→ **Dataset content**:
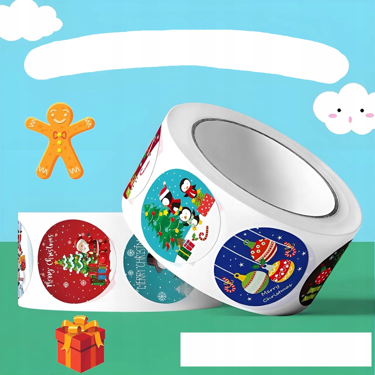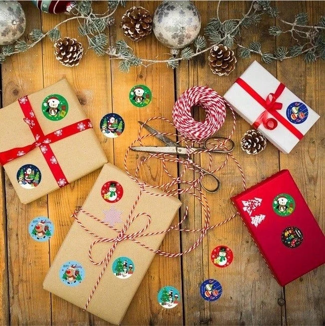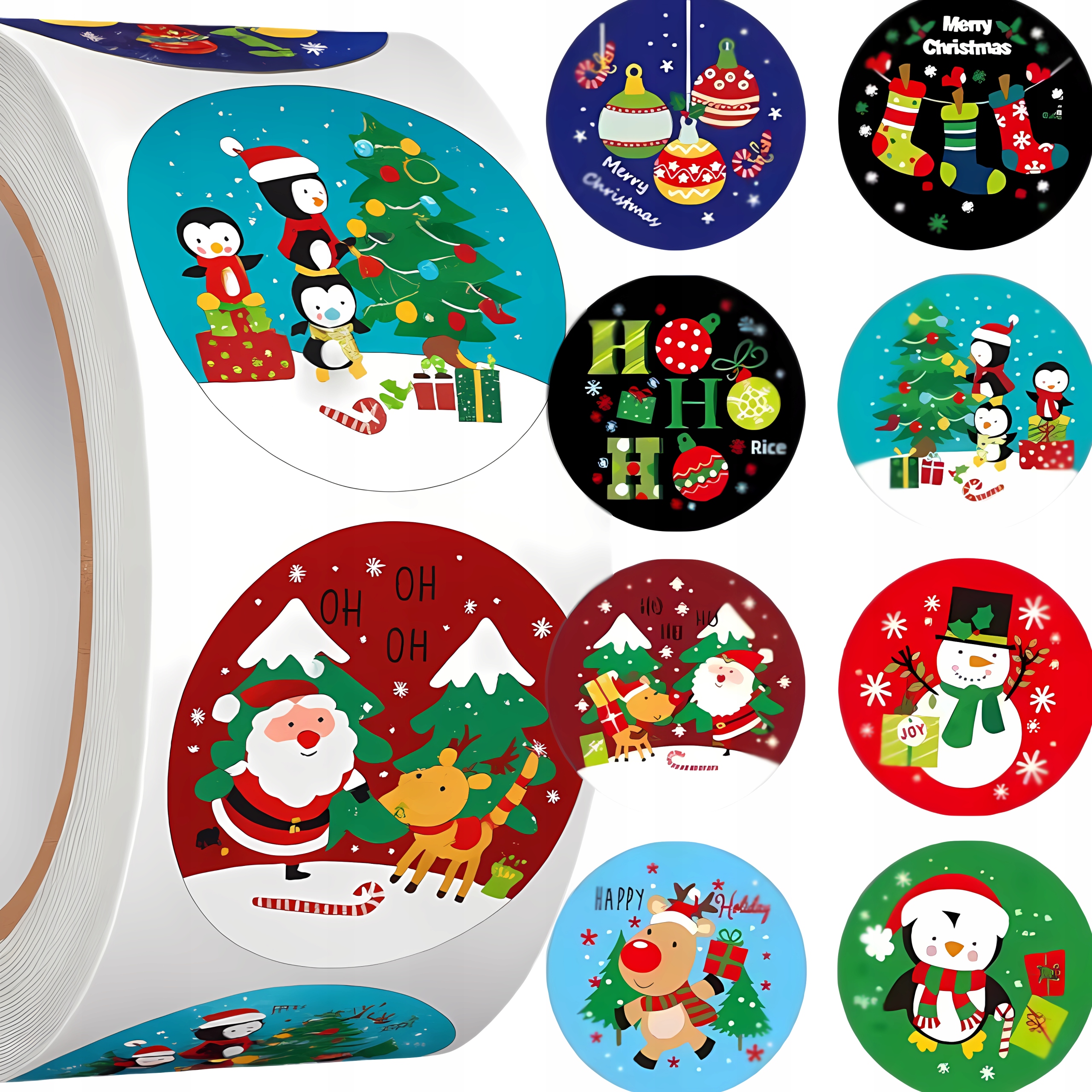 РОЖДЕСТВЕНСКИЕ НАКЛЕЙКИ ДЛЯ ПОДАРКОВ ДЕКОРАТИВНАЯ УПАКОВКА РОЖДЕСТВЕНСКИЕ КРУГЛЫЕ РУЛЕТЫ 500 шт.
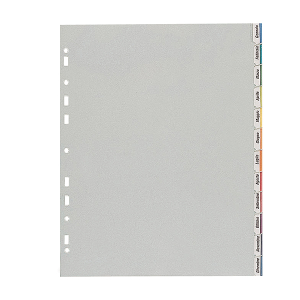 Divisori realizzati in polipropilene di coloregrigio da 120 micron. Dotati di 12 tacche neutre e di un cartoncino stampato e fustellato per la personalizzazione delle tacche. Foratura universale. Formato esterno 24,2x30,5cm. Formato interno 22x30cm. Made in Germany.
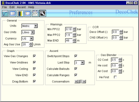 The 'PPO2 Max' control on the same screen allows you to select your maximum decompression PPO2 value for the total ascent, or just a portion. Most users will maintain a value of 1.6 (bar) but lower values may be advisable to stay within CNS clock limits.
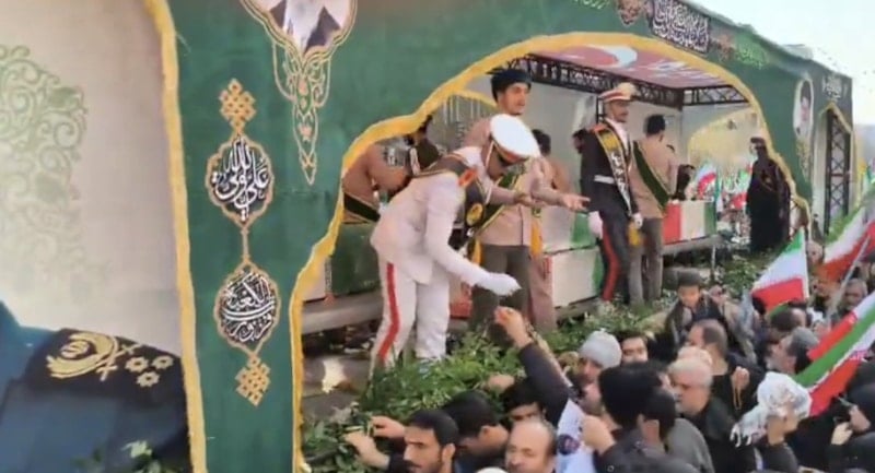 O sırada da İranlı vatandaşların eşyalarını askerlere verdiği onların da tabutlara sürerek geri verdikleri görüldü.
* * *
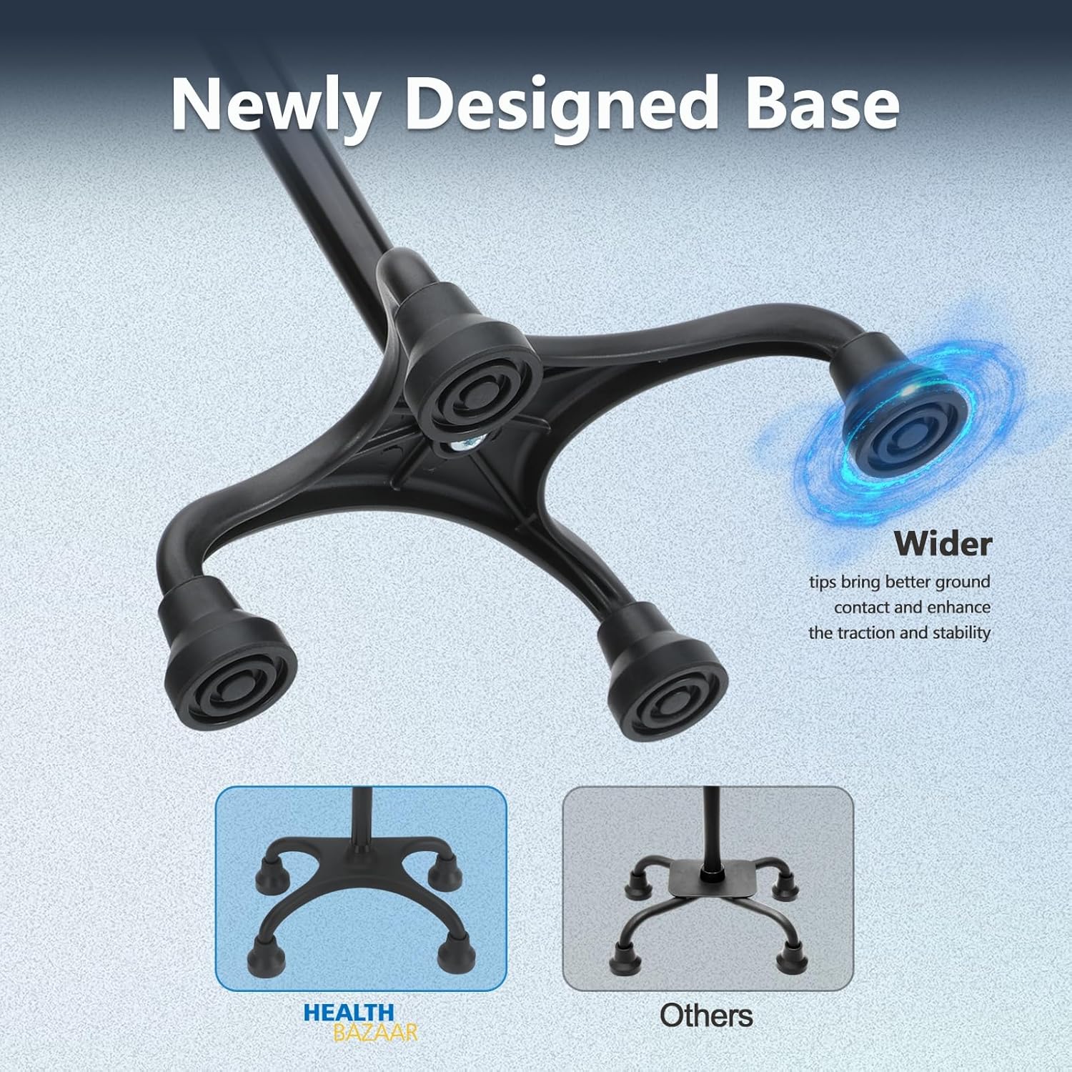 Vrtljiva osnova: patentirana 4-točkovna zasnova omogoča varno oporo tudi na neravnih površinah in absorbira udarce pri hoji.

→ **About this exercise**: Reproduce exactly the lines above that run from the one with "РОЖДЕСТВЕНСКИЕ НАКЛЕЙКИ ДЛЯ" to the one with "O sırada da", both included, leaving pictures out.

→ **Output**:
 РОЖДЕСТВЕНСКИЕ НАКЛЕЙКИ ДЛЯ ПОДАРКОВ ДЕКОРАТИВНАЯ УПАКОВКА РОЖДЕСТВЕНСКИЕ КРУГЛЫЕ РУЛЕТЫ 500 шт.
 Divisori realizzati in polipropilene di coloregrigio da 120 micron. Dotati di 12 tacche neutre e di un cartoncino stampato e fustellato per la personalizzazione delle tacche. Foratura universale. Formato esterno 24,2x30,5cm. Formato interno 22x30cm. Made in Germany.
 The 'PPO2 Max' control on the same screen allows you to select your maximum decompression PPO2 value for the total ascent, or just a portion. Most users will maintain a value of 1.6 (bar) but lower values may be advisable to stay within CNS clock limits.
 O sırada da İranlı vatandaşların eşyalarını askerlere verdiği onların da tabutlara sürerek geri verdikleri görüldü.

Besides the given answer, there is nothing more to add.